§ Data provided:
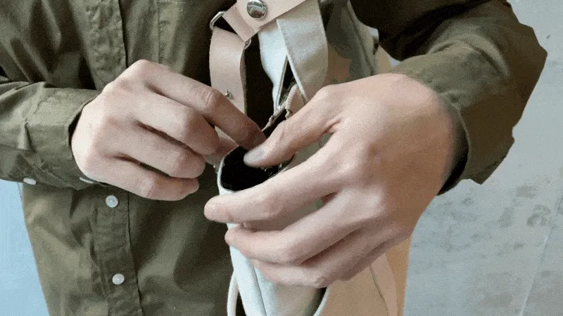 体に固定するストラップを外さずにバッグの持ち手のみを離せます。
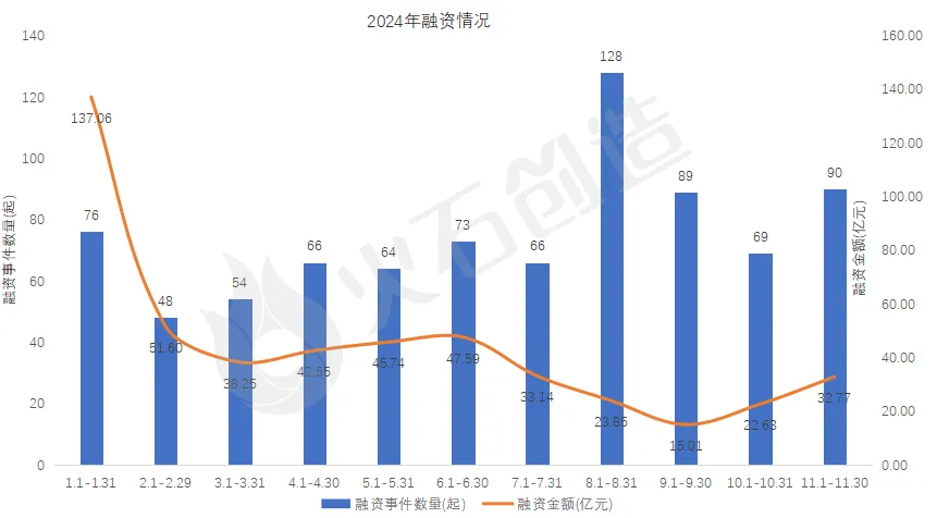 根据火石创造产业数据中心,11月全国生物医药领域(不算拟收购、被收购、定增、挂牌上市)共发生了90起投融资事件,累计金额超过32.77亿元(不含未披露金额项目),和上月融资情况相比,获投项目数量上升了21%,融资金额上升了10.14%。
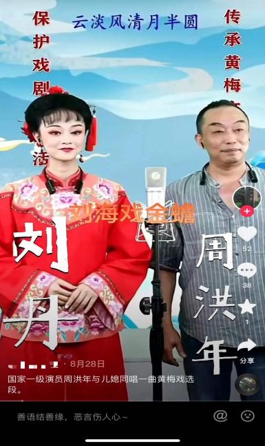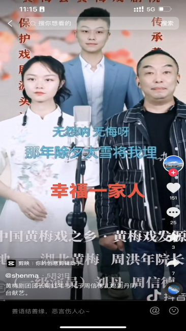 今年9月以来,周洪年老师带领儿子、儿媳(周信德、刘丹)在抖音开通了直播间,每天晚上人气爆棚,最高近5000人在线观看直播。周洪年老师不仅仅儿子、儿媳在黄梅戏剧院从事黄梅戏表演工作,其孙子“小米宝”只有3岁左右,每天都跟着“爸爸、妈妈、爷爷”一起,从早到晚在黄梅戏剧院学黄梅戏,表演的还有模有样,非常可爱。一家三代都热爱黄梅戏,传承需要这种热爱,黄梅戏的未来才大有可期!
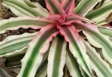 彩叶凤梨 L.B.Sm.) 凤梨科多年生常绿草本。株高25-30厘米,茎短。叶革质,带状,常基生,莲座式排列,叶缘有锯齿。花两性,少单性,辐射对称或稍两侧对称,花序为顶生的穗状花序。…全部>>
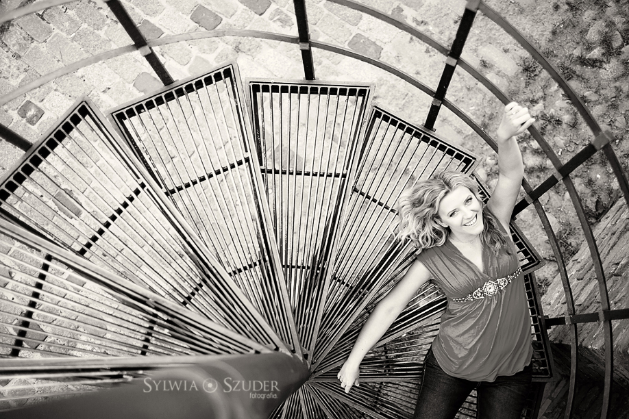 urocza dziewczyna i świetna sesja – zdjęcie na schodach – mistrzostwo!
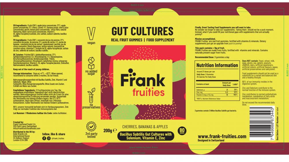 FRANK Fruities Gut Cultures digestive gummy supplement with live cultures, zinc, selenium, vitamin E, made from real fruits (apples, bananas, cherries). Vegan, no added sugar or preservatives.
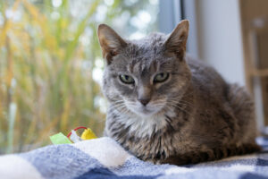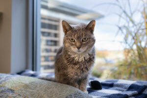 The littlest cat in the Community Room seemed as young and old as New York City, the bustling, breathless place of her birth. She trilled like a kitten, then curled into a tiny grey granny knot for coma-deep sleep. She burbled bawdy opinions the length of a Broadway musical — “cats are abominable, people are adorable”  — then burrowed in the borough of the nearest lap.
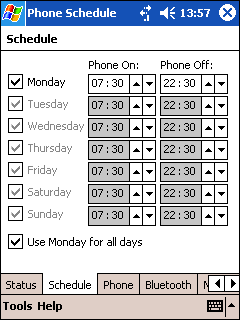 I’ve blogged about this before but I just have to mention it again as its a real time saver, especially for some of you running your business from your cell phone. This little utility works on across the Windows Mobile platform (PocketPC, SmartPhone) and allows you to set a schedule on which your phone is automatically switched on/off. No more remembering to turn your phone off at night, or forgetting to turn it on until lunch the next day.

...

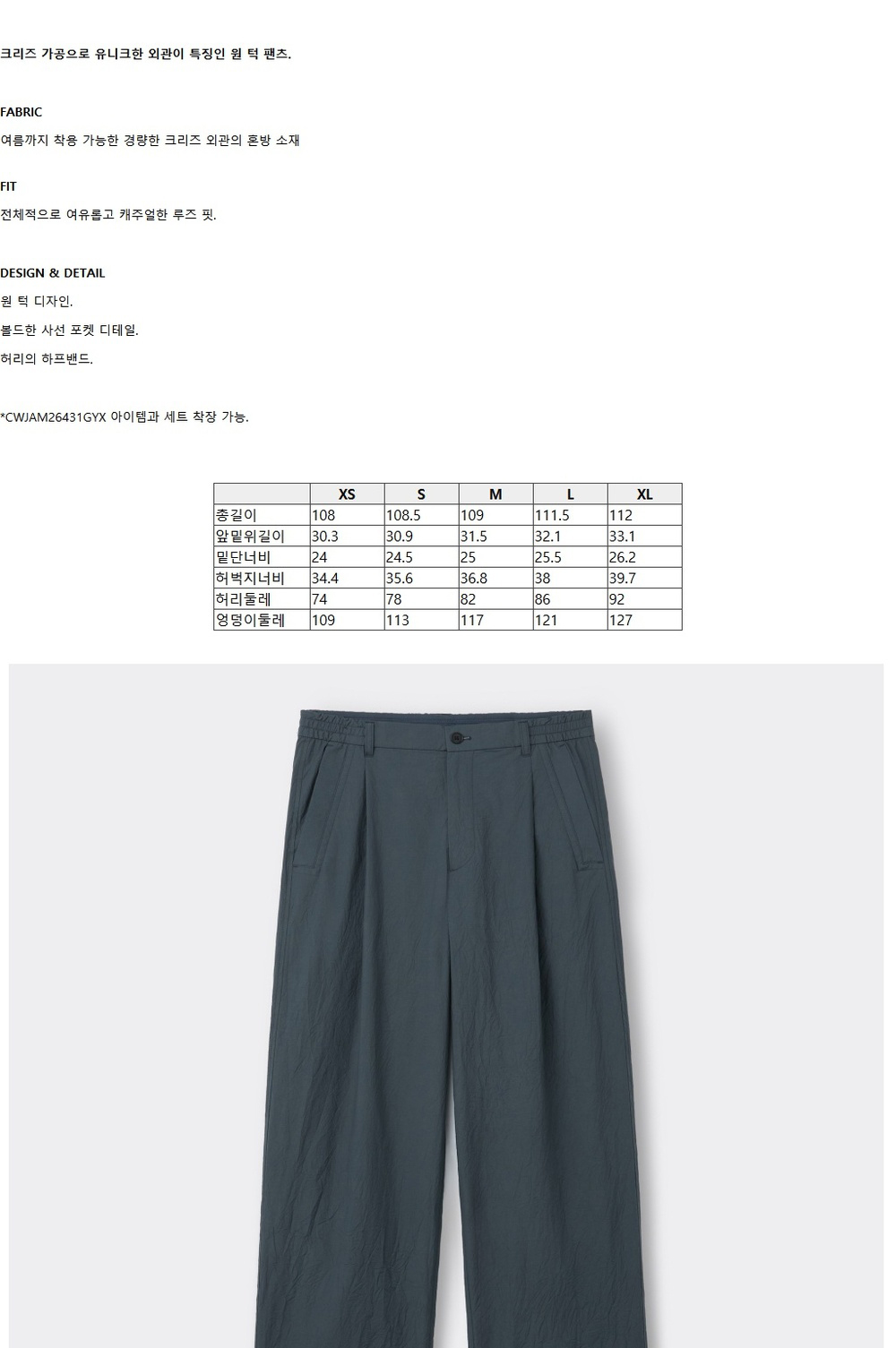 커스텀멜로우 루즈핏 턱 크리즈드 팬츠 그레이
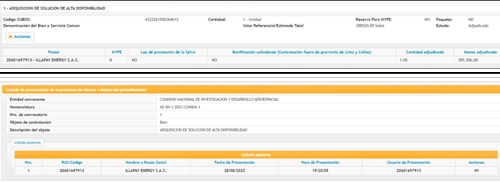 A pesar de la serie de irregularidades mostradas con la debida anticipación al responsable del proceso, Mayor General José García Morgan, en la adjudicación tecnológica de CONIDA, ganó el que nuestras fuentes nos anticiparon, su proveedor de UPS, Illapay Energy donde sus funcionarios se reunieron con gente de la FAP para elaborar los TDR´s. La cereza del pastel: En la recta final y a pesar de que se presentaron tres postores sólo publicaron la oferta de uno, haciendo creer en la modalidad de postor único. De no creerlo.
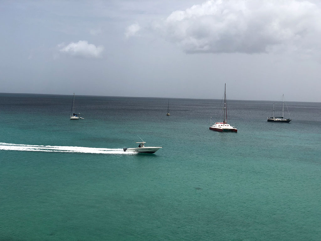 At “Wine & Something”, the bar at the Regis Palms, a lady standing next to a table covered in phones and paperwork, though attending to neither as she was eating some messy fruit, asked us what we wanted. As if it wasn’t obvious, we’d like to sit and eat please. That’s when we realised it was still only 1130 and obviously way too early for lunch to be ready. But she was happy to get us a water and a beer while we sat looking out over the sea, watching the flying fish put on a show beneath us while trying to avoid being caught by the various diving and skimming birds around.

==

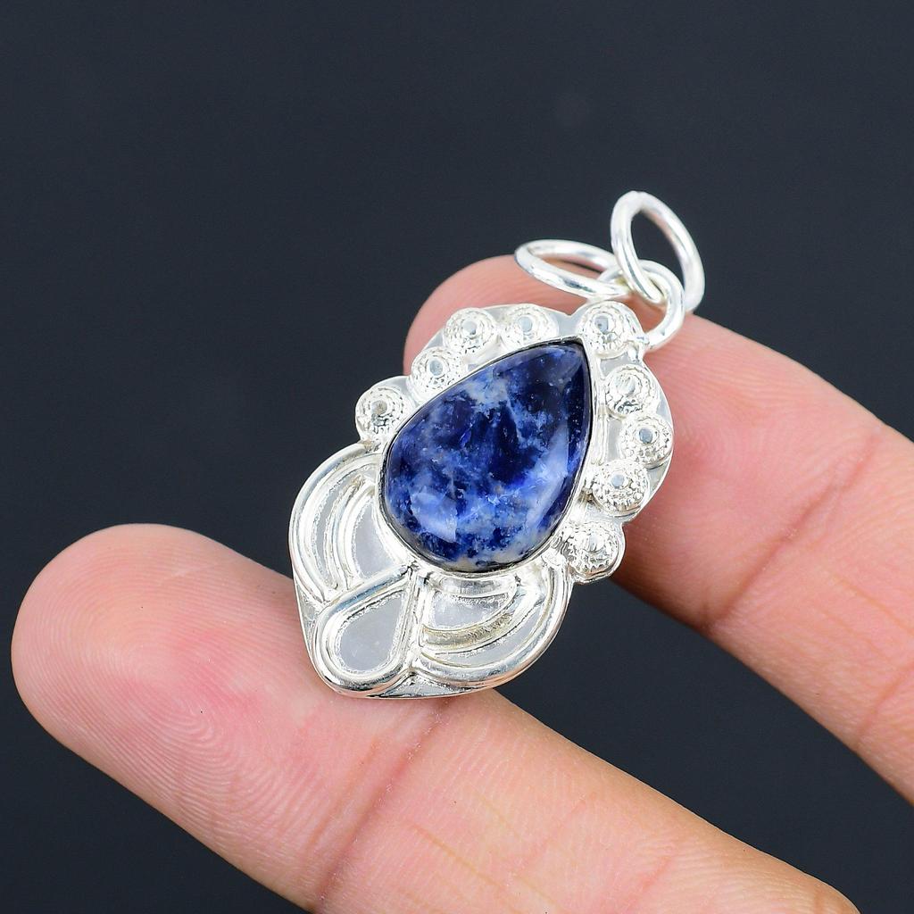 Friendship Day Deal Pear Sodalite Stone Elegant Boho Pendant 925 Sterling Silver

§ Your goal: Could the stretch from the line with "커스텀멜로우 루즈핏 턱 크리즈드 팬츠 그레이" through the line with "A pesar de la" in the listing above be restated word for word, minus the pictures?

§ Output of the exercise:
 커스텀멜로우 루즈핏 턱 크리즈드 팬츠 그레이
 A pesar de la serie de irregularidades mostradas con la debida anticipación al responsable del proceso, Mayor General José García Morgan, en la adjudicación tecnológica de CONIDA, ganó el que nuestras fuentes nos anticiparon, su proveedor de UPS, Illapay Energy donde sus funcionarios se reunieron con gente de la FAP para elaborar los TDR´s. La cereza del pastel: En la recta final y a pesar de que se presentaron tres postores sólo publicaron la oferta de uno, haciendo creer en la modalidad de postor único. De no creerlo.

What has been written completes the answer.